What is expected
If the records below hold pictures, omit them, and print exactly the lines from the first line through the line containing "Este un covor", inclusive.

Available data
= Beginning of Section =

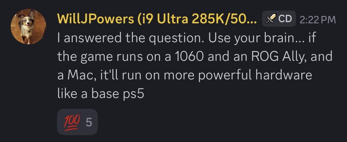 他的回应逻辑十分清晰且有说服力:目前《红色沙漠》已经成功完成了多类硬件设备的适配工作,其中就包括NVIDIA GTX 1060显卡、ROG Ally掌机以及Mac设备。在Will Powers看来,这些设备的硬件规格相对有限,既然游戏能在这些“弱势”设备上正常运行,硬件配置远优于它们的基础版PS5,自然也能轻松驾驭。
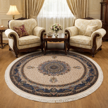 Este un covor bleumarin cu model oriental vegetal dispus pe margini sub formă de chenar.
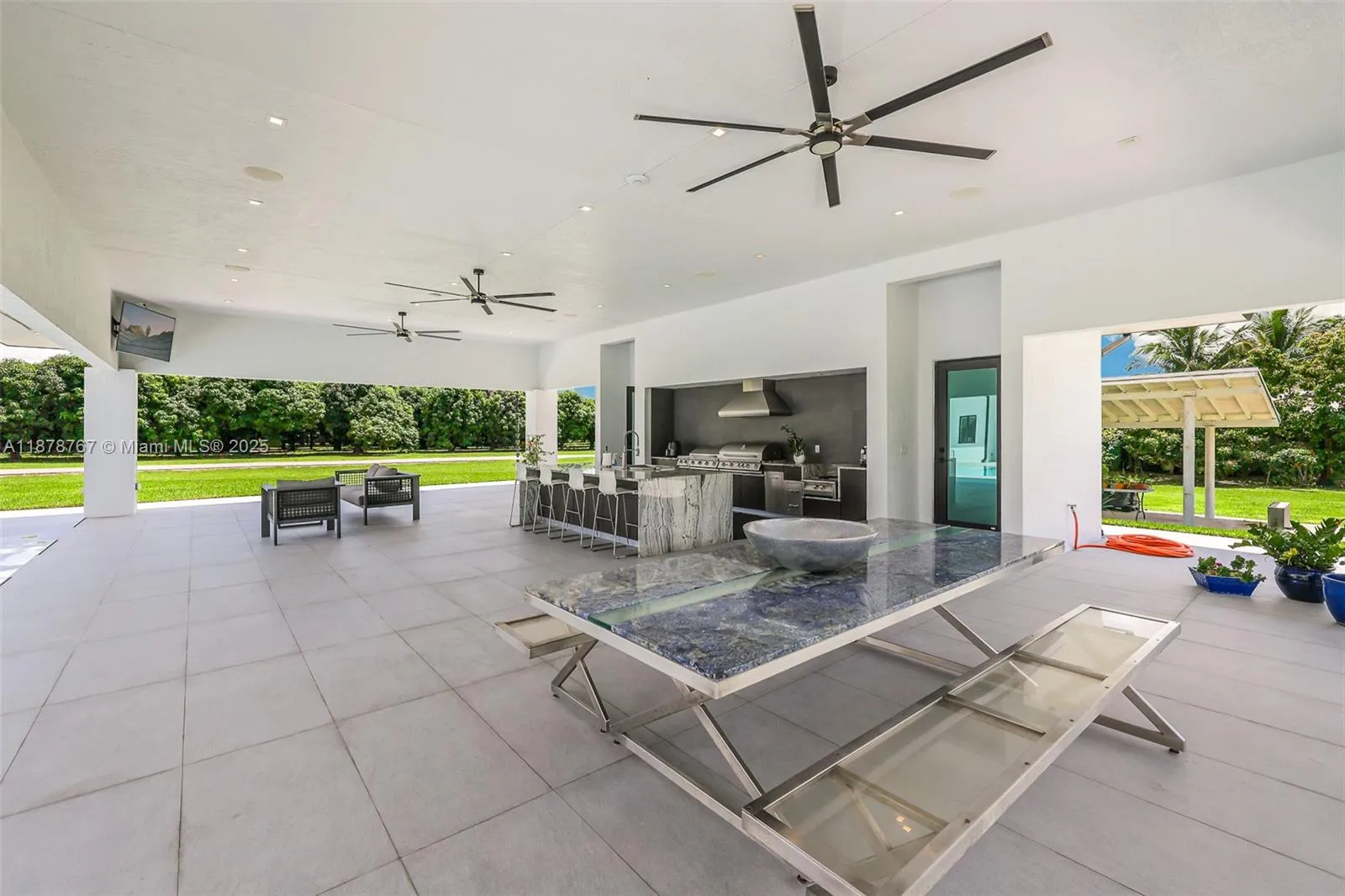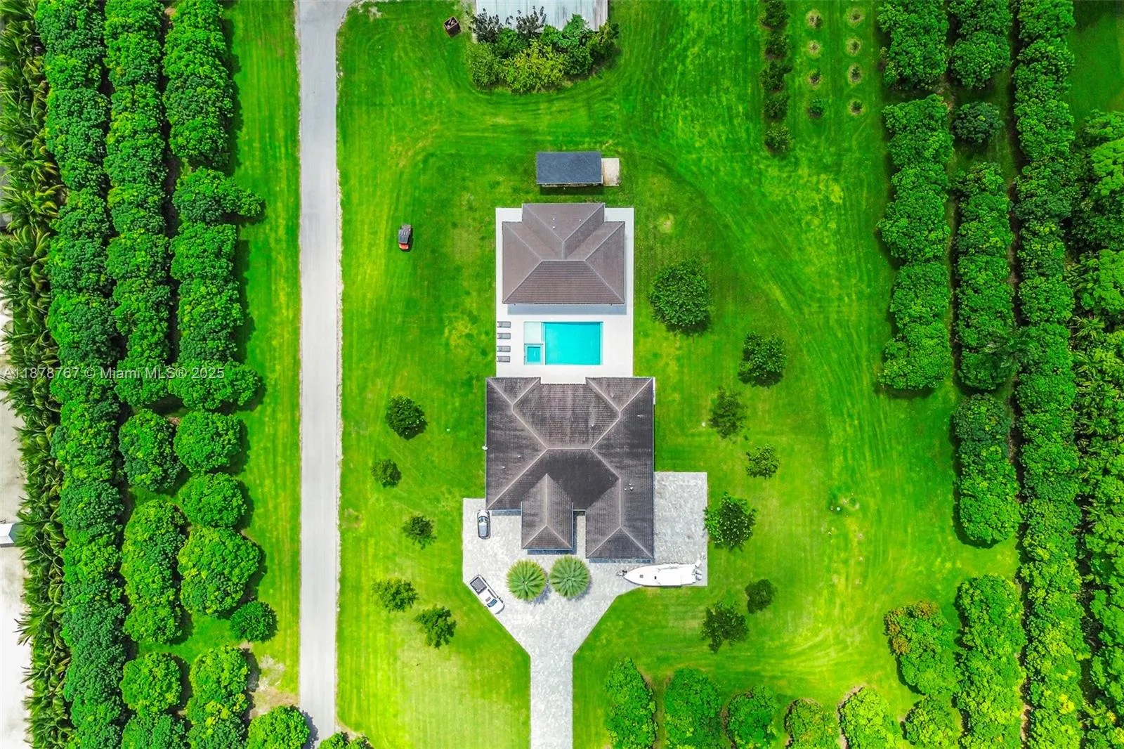 Unique and exquisite 7.5-acre estate featuring a newly built custom residence with soaring 12-ft ceilings, 8-ft doors, and an open-concept design with oversized island, chef ready high-end appliances, and more. Each room offers a private bath and walk-in closet. Outdoors, enjoy a stunning gazebo with a full chef’s kitchen and bath, a double-car garage, and a covered barn for all agricultural needs. The meticulously maintained grounds include 300+ mango trees generating income and more. Gated paved access with ample space for luxury vehicles, boats, RVs, etc. This estate also features a commercial-grade power meter ready for expansion. Every corner of the 7.5 acres has been perfectly cared for and is ready to enjoy. Come see it for yourself.
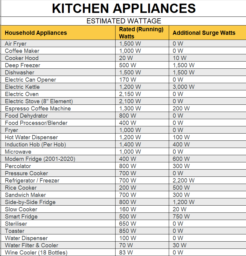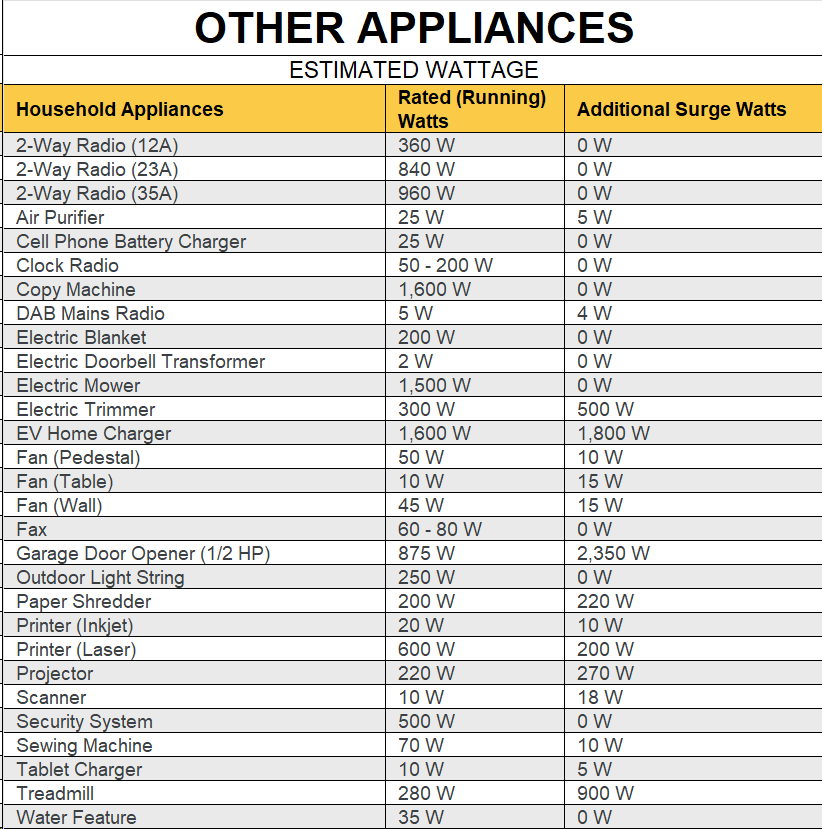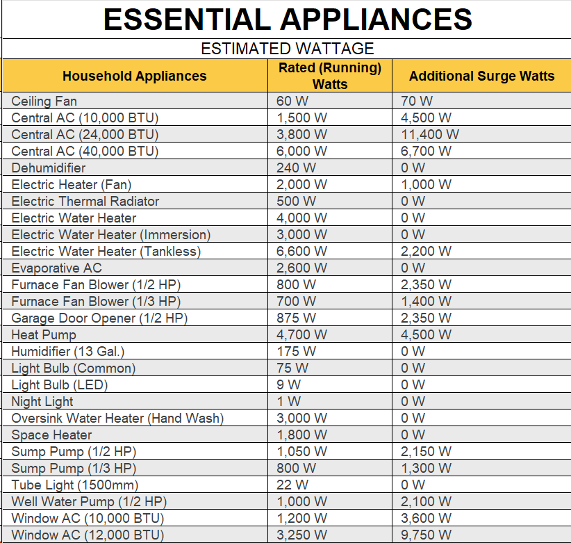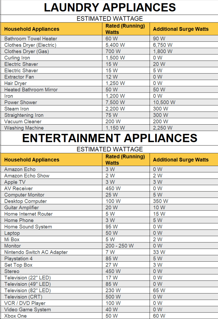 Typical Household Appliance Wattage Loads
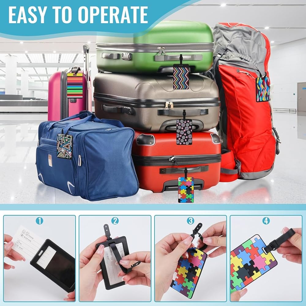 [حماية الخصوصية] - لا تقلق بشأن تسرب المعلومات. تحتوي علامات الحقيبة على غطاء للخصوصية لحماية معلومات هويتك. افتح الغطاء القلاب لتحديد أمتعتك بسرعة وتجنب فقدان الأشياء في المطار أو أثناء رحلة بحرية.
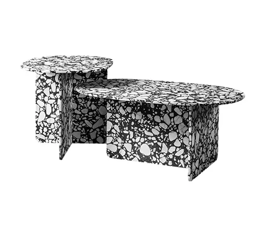 La structure de la table basse Chap est la suivante: base et plateau en marbre ou en verre. Elle convient parfaitement dans un univers de bureau, hospitalier ou résidentiel.
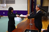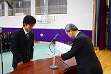 今日28日(木)の午後、卒業式予行に先立ち、皆勤賞授与式などが行われました。
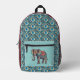 Elephant and Deep Aqua Red Mandalas n Initials Printed Backpack
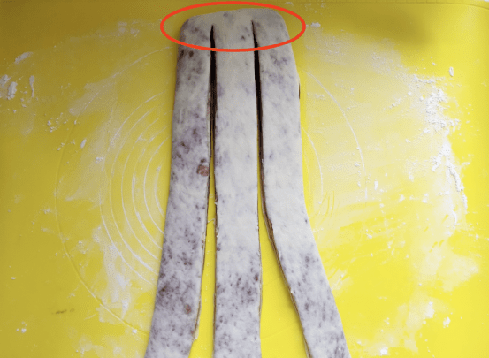 11、平分三等份切開,註意最前面(紅圈處)不要完全切開。
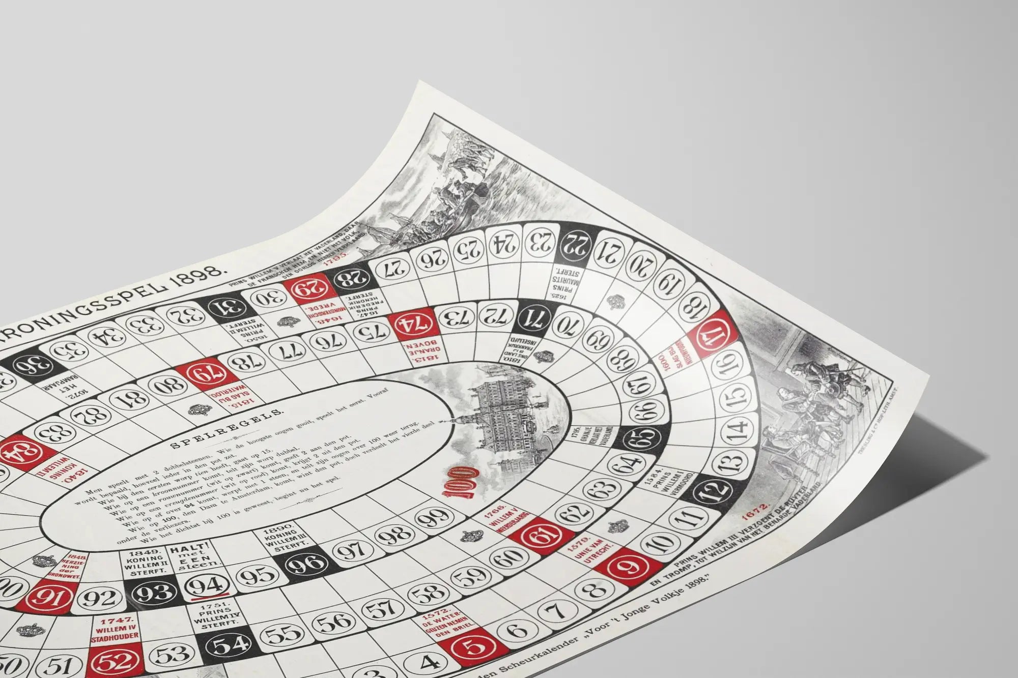 Cette affiche vintage intitulée "Kroningsspel 1898" est une décoration murale originale qui s'apparente à un plateau de jeu historique. Elle représente un jeu de parcours numéroté de 1 à 100, avec des cases en noir, blanc et rouge, où chacune est accompagnée de dates et de faits marquants de l'histoire des Pays-Bas. Ce poster met en lumière des événements et personnages clés, comme la reine Wilhelmina et le prince Willem, ainsi que différentes batailles et dates importantes remontant du XVIe au XIXe siècle. Ce tableau mural au style ancien en noir et blanc avec touches de rouge est idéal pour les amateurs d'histoire ou pour une ambiance vintage dans un intérieur. Le design est riche en détails, incluant des illustrations gravées en arrière-plan illustrant des scènes historiques et des personnages en costumes d'époque. Au centre, un encart expose les règles du jeu, ajoutant un aspect ludique et éducatif à ce poster décoratif. Ce poster historique est parfait pour une décoration murale dans un bureau, une bibliothèque ou une salle de jeux, apportant une touche originale et didactique à votre espace. Il s’agit d’une pièce unique qui combine esthétique ancienne et intérêt historique, faisant de cette affiche un objet décoratif captivant et distinctif.
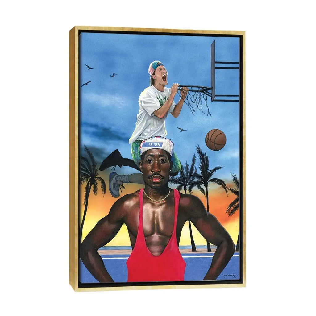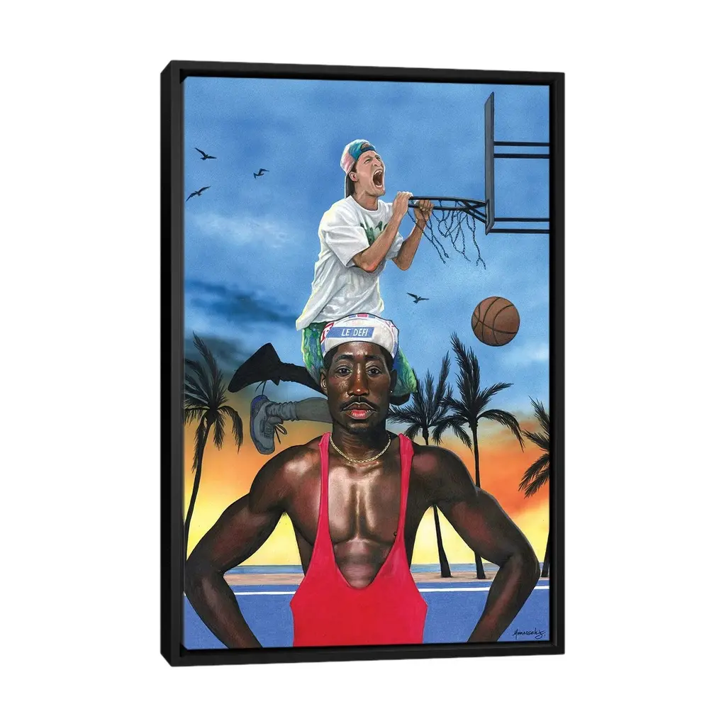 Icanvas "White Men Can't Jump" By Manasseh Johnson Framed Canvas Print - White - 40x26
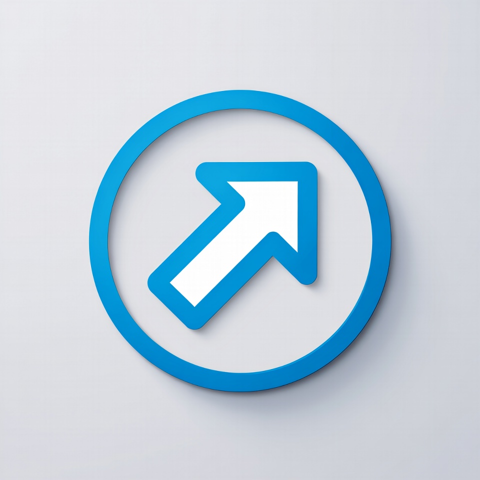 A white upward arrow is enclosed within a bold blue circle on a light gray background. The design features a 3D effect with smooth shading. It is isolated and simple.
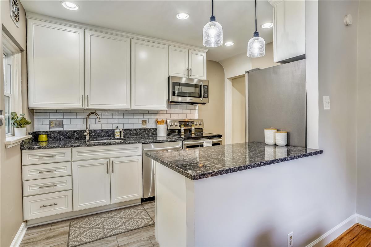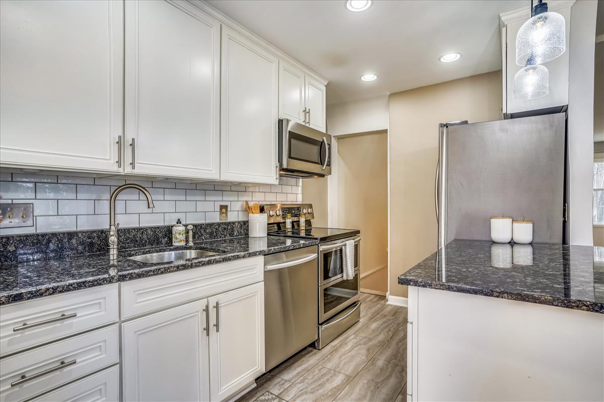 Stunning 2 bedroom, 2 bathroom Clarendon I model home nestled in Fairlington Meadows! The light-filled living room features recessed lighting, gleaming hardwood floors, updated windows, & fresh paint throughout. The remodeled kitchen is accented with white cabinetry with under-cabinet lighting & modern hardware, granite countertops & subway tile backsplash, & stainless steel appliances (including a double oven!) A separate dining area & access to the spacious rear patio with brand new fencing completes this level. The upper living level features two bedrooms with custom closet build-outs & an updated full bathroom with new flooring, a vanity with granite countertops, & plenty of storage. The lower living level is accented with recessed lighting & wood flooring. The bonus room is perfect for guests & features ensuite access to the remodeled bathroom with new flooring, updated vanity, & glass-enclosed shower. The laundry nook, with a full-sized washer/dryer & overhead cabinets, completes this level. Floored attic offers lots of extra storage space. Assigned parking space located RIGHT in front of home. Amazing location that backs up to a walking trail that leads to two beautiful green spaces and a tennis court. Fairlington Meadows is a beautifully landscaped community with a pool, tennis courts, and walking paths. Neighborhood attractions include the Fairlington Community Center, the farmers market, & a state-of-the-art playground! Great location near Bradlee Shopping Center, Shirlington Village, the new West Alex development, Del Ray, Old Town, & MORE!

= End of Section =

Answer for the task
 他的回应逻辑十分清晰且有说服力:目前《红色沙漠》已经成功完成了多类硬件设备的适配工作,其中就包括NVIDIA GTX 1060显卡、ROG Ally掌机以及Mac设备。在Will Powers看来,这些设备的硬件规格相对有限,既然游戏能在这些“弱势”设备上正常运行,硬件配置远优于它们的基础版PS5,自然也能轻松驾驭。
 Este un covor bleumarin cu model oriental vegetal dispus pe margini sub formă de chenar.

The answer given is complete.